### Problem statement
In the answer, each entry below appears exactly as given, and no picture appears at all.

Records from a collection:
= = = = = = =

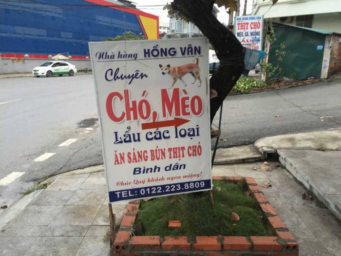 В том же районе Мёндон можно увидеть волонтеров с плакатами, призывающими отказаться от употребления собак в пищу. Как вы думаете, стали бы они там дежурить, если бы собачьи блюда не пользовались популярностью?
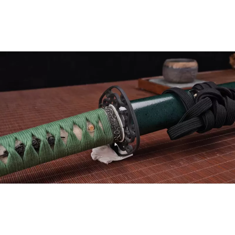 The mounting is refined and harmonious. The tsuba, fuchi and kashira are carefully selected to subtly support the chrysanthemum theme, while the silver-colored habaki and seppa provide a classic finish. The saya is finished in deep green with kuroro koiguchi and buffalo horn details, complemented by a black Japanese sageo for a restrained and elegant appearance.
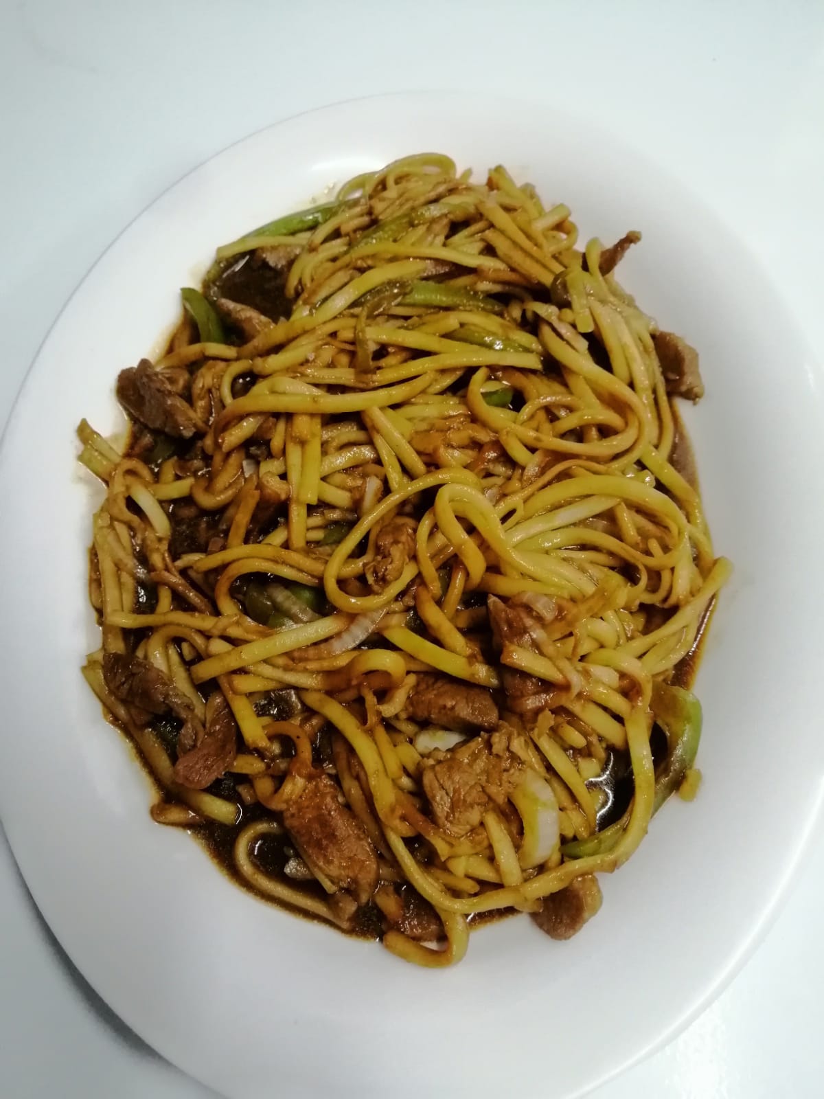 Tallarines con cebolla, pimiento y arrachera en salsa especial.
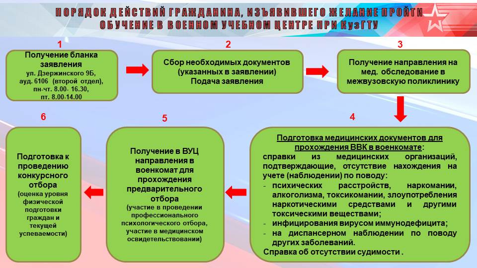 Порядок поступления в Военный учебный центр при ФГБОУ ВО «Кузбасский государственный технический университет имени Т.Ф. Горбачева»
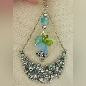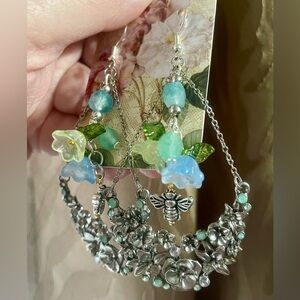 Elegant dangle earrings featuring floral designs in silver and green opalite gems. I added the middle piece with flower pastel yellow and blue glass flowers and charming bee charm. Semi precious stone beads used also. Perfect for adding a touch of nature-inspired beauty to any outfit.

= = = = = = =

### Answer to this exercise
 В том же районе Мёндон можно увидеть волонтеров с плакатами, призывающими отказаться от употребления собак в пищу. Как вы думаете, стали бы они там дежурить, если бы собачьи блюда не пользовались популярностью?
 The mounting is refined and harmonious. The tsuba, fuchi and kashira are carefully selected to subtly support the chrysanthemum theme, while the silver-colored habaki and seppa provide a classic finish. The saya is finished in deep green with kuroro koiguchi and buffalo horn details, complemented by a black Japanese sageo for a restrained and elegant appearance.
 Tallarines con cebolla, pimiento y arrachera en salsa especial.
 Порядок поступления в Военный учебный центр при ФГБОУ ВО «Кузбасский государственный технический университет имени Т.Ф. Горбачева»
 Elegant dangle earrings featuring floral designs in silver and green opalite gems. I added the middle piece with flower pastel yellow and blue glass flowers and charming bee charm. Semi precious stone beads used also. Perfect for adding a touch of nature-inspired beauty to any outfit.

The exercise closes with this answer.